There are many filter effects, including a variety of films, vignetting, antique photo, textures, artwork of various types, and so on. It sort-of has layers, in that you can load other photos and paste them into the image, rotate and resize them. Text can also be added, speech bubbles and shapes drawn, and so on. JPEG appears to be the only file format supported though.

Phoxo


If photo editors like Photoshop and GIMP are too complex and you want a simpler tool, try Phoxo (phoxo.com/en). Some might consider it under-powered, but for simple tasks it is okay. On the left hand is a palette of tools that includes three different selection tools, pen, paintbrush, eraser, clone, red-eye removal, and so on. These can be used to fix flaws in images, repair damage and so on.

There are the usual brightness, contrast, hue, saturation, colour tone, blur, sharpen and other tools typical of photo editors. There are a few effects and filters that enable you to turn photos into different types of artwork (like oil paintings, for example), apply lens flare, sunshine and glass tiles. Most interesting is the custom filter creator, which is a five-by-five grid into which you enter numbers. The effect can be seen immediately and you can experiment and produce your own filters. There is also a collection of clip art and frames that can be added to the photo.

Photivo


Photivo (photivo.org) is a geek tool and is at the opposite end of the difficulty scale to Phoxo. It has an unusual interface and lots of obscure tools that might not mean anything to you. There is no denying that this is an excellent tool for enhancing photos though, nor that it has features not found in other software. For a start, it supports lots of RAW camera file formats, making it useful for people with quality digital cameras, but it also supports JPEG and other common file formats.

Just opening a file is a challenge, though, and it does not get any easier. It rewards perseverance, though. There are tabs down the left hand side that provide access to functions and these contain sub-functions in expandable sections - for example, the RGB tab contains 16 subsections with names like Reinhard Brighten, Sigmoidal Contrast, Normalisation and so on.

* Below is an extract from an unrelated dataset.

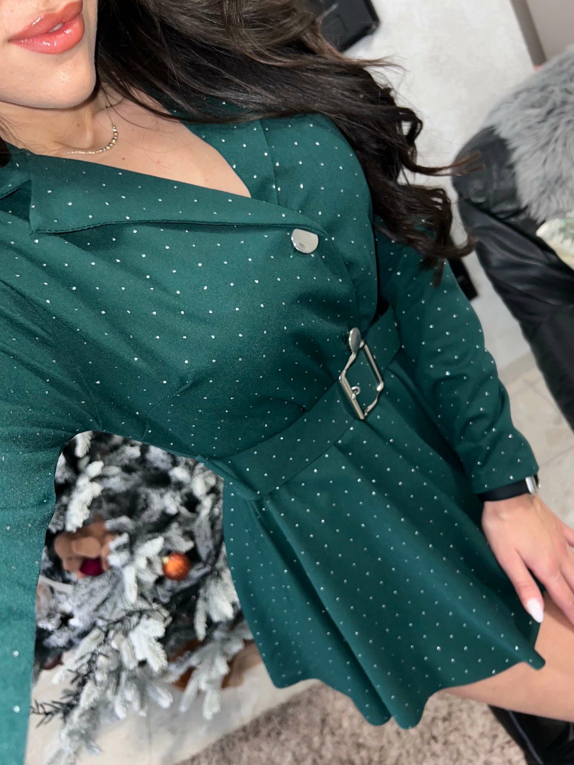 Lona zöld szoknya nadrágos overál kövezett diszitéssel.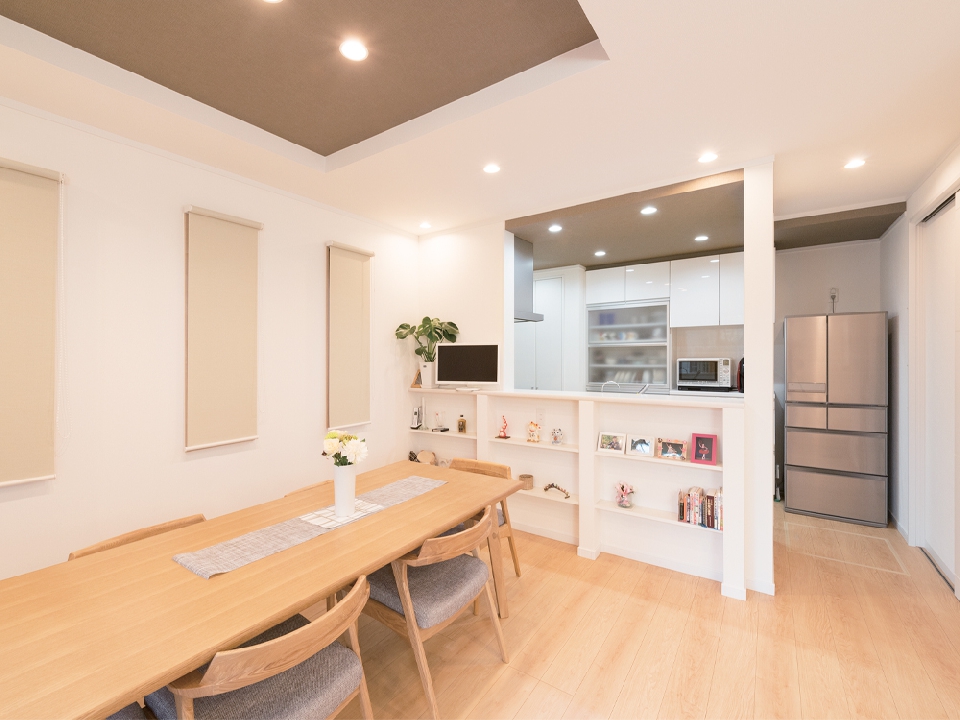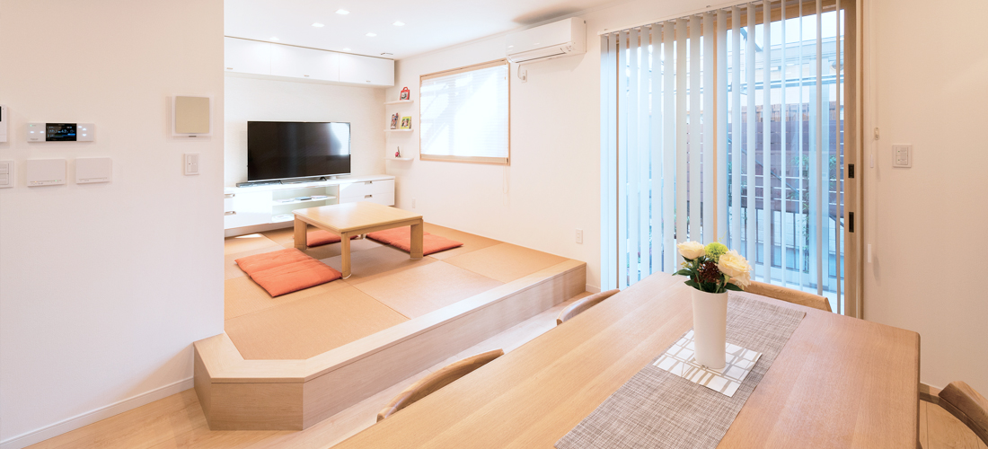 設計では、家族の団らん空間、収納、動線、個人の個性を生かした部屋づくり等を考えたプランニングをされました。今後のお子様の独立などのライフスタイルの変化も視野に入れた間取りや、環境や健康に配慮した高い住宅性能や機能などのこだわりが実現しました。リビングは、一部が小上がりの畳スペースになっており、ご入居後はご主人よりもお子様達のお気に入りの場所になっているそうです。また、対面キッチンからは、広いリビングを見渡すことができます。窓サッシのナチュラルな木目枠と、天井の貼り別けデザインがアクセントとなっています。キッチン脇の壁には、臭気を湿気を調節してくれる機能とデザインを両立させたエコカラットをアクセントに貼りました。キッチンは使いやすく収納も充実させました。スッキリする室内を維持する為、ダイニングカウンターにも収納棚を設けました。南側の窓にはテラスがあり、窓付近には部屋干器具を天井に埋め込みました。家事がしやすくなる嬉しい設備です。

The best advice is to simply experiment. Many items are sliders, and you can drag them and see the effect.

PhotoFiltre 7


There are three versions of PhotoFiltre (photofiltre-studio.com) and version 6 is free and works with single layers, 7 is also free and supports multiple layers, and there is PhotoFiltre Studio X costing £24. Try version 7 first because it may be all you need. It certainly has a lot in it.

The menus and tool panel on the right are straightforward, but the two toolbars at the top of the screen are initially confusing because of the large number of icons that don't really convey much meaning. You get used to them after a while though. In terms of features and functions, it has almost everything you need and it is not unlike GIMP with a different interface. There are many adjustment tools, including advanced ones like gamma, histogram, levels, and so on. A collection of filters is available, such as oil paint, watercolour, pastels, sepia, twirl, ellipse, ripple and many more.

Fotor


Foto (fotor.com) is available on iOS, Android, Mac, Windows and as a Windows 8 app. It is a brilliant tool that is easy to use, yet is packed with great features for enhancing photographs. It supports a wide range of file formats, including RAW. The panel on the right provides access to the tools and they are so simple anyone can use them. For example, the top one is Scenes and you select backlit, cloudy, shade, sunset, night, sand/snow, or any one of others to automatically adjust the exposure, brightness, contrast and saturation.

The Adjust panel offers up tone, detail, white balance, vignette, highlights/shadows, and curve parameters. In each case there are simple sliders to drag to make adjustments, so it is easy to experiment to get the best settings. There are dozens of special effects organised into categories and you can click them to apply them and drag a slider to adjust the intensity. It is simple, yet powerful.